You're mistaken, the load size has nothing to do with the end result. The result is normalized to give an estimate of how much faster the simple code is than the polymorphic code irregardless of input size. (Kinda like deaths per 100k instead of giving an absolute number of deaths for statistics about diseases).

So yes, your code is running 20x slower than it should be all the time.

Especially when you make every class an interface, with... get this, one implementation! This is based on real world experience and is not a joke. There are real companies with real people that write real code where every single class is an interface with exactly one implementation. Which, as Casey has shown, results in upwards of a 20x slowdown in the worst case.

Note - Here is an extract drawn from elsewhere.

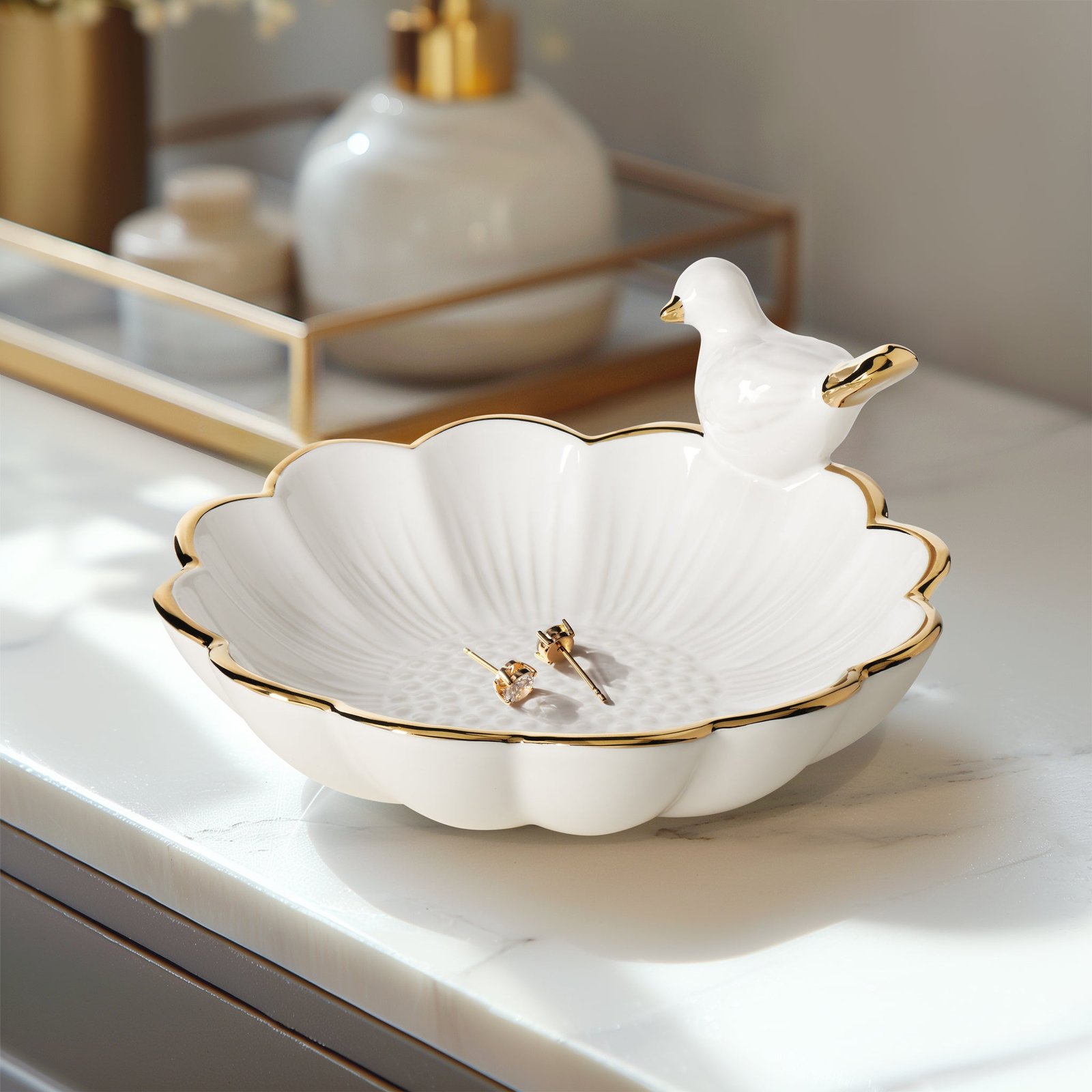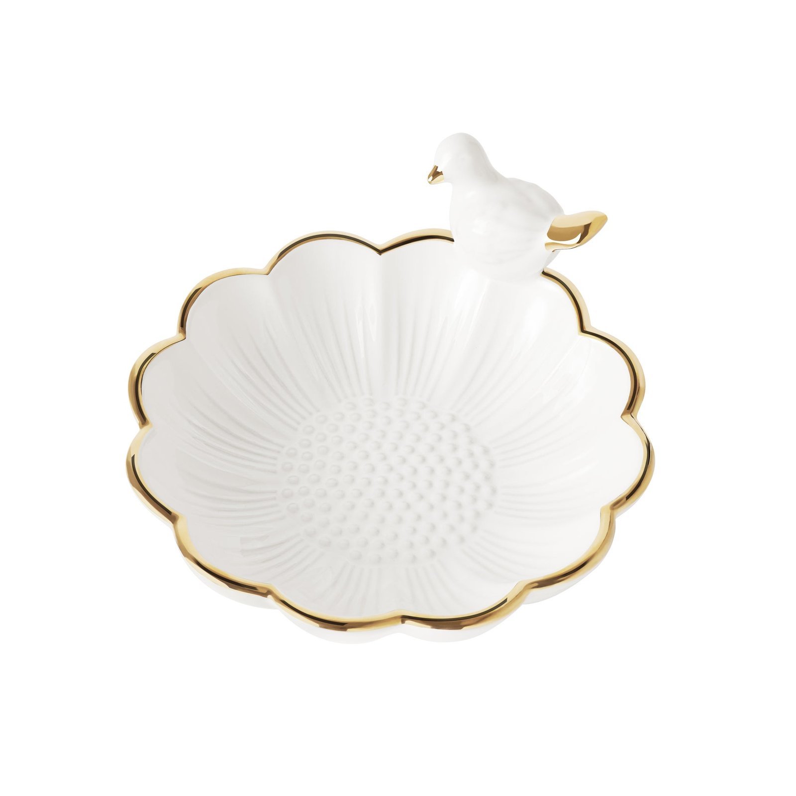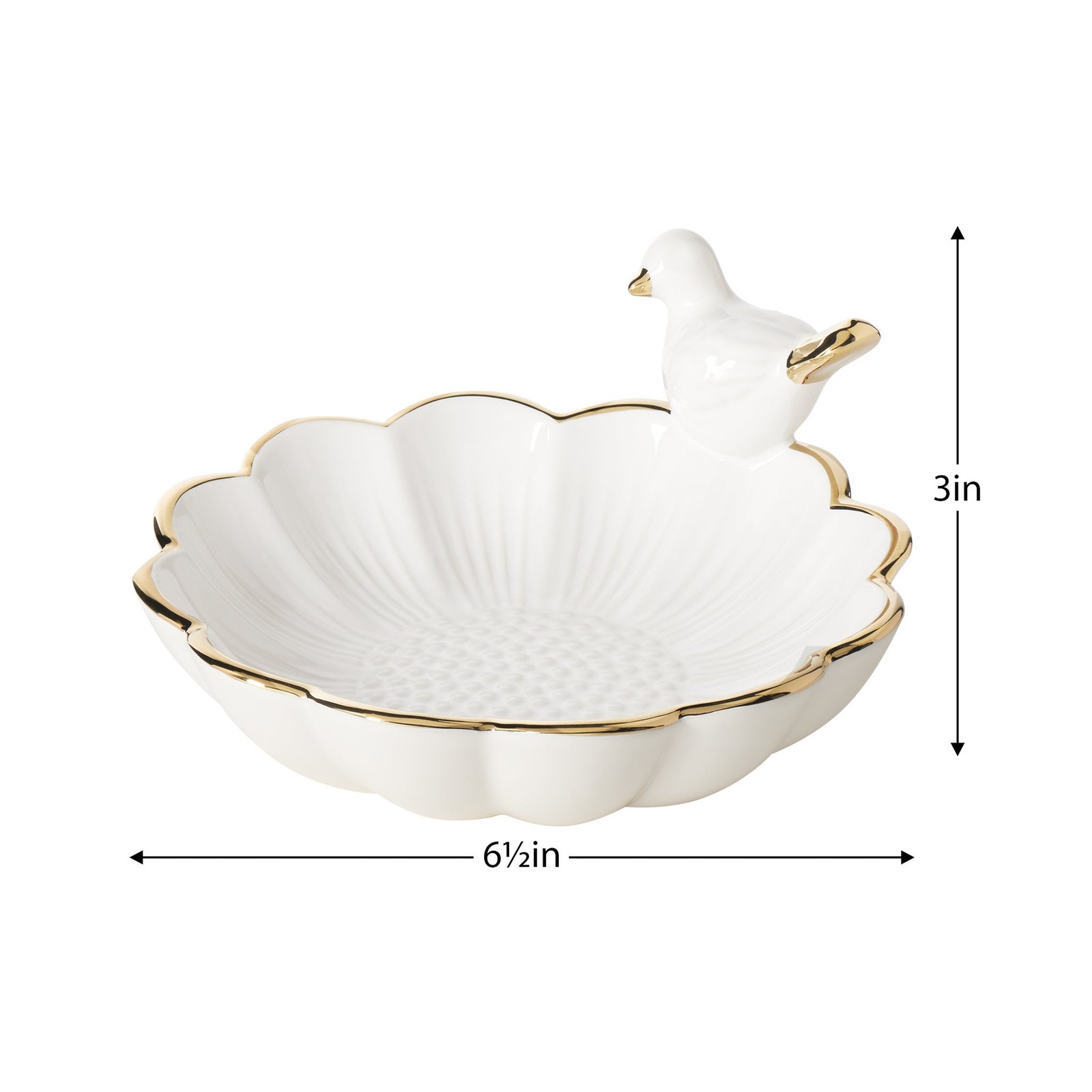 Elevate your decor with this ceramic flower-shaped decorative dish featuring an elegant gold trim and a charming bird perched delicately on the rim. Designed to add a touch of sophistication to your vanity or console table this piece doubles as a stylish dish for keys or jewelry. The harmonious blend of floral aesthetics and functional design makes it a perfect accent combining utility with a graceful and whimsical aesthetic. Dimensions: 6.5 x 6 x 3h
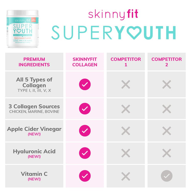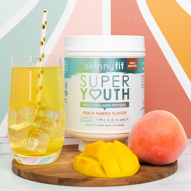 SkinnyFit Peach Mango Super Youth - Look and feel younger with Super Youth Peach Mango! This fruity collagen powder includes 5 collagen types from 4 natural sources plus apple cider vinegar, hyaluronic acid, and vitamin C to restore youthfulness from the inside out. Simply add 2 scoops of Super Youth into 16 oz. of water or more, depending on your desired level of sweetness, or to a smoothie, mix and enjoy peach mango goodness! Tastes amazing with just water! Super Youth promotes youthful-looking skin, longer hair & nails, reduced joint pain, gut health, and weight loss. From your skin to your joints, you’ll notice the difference as you make Super Youth collagen dietary supplement a daily routine.

Obviously, you probably won't get a 20x speedup by getting rid of the polymorphic garbage. But it's equally asinine to assume that polymorphic functions are only called a few hundred times. I guarantee you your PC is making millions of polymorphic function calls per minute between: the OS, the browser, windows Anti-Malware scanner, steam running in the background, oracle running its checks to remind you to update Java, etc. There are hundreds of processes running all the time on a modern device, these devices are wasting enormous amounts of resources.

1 comments

> Especially when you make every class an interface, with... get this, one implementation! This is based on real world experience and is not a joke.

And when you run this through a profiler, you will not notice how slow your code is, because everything is slow. Slowness is infused throughout the whole system.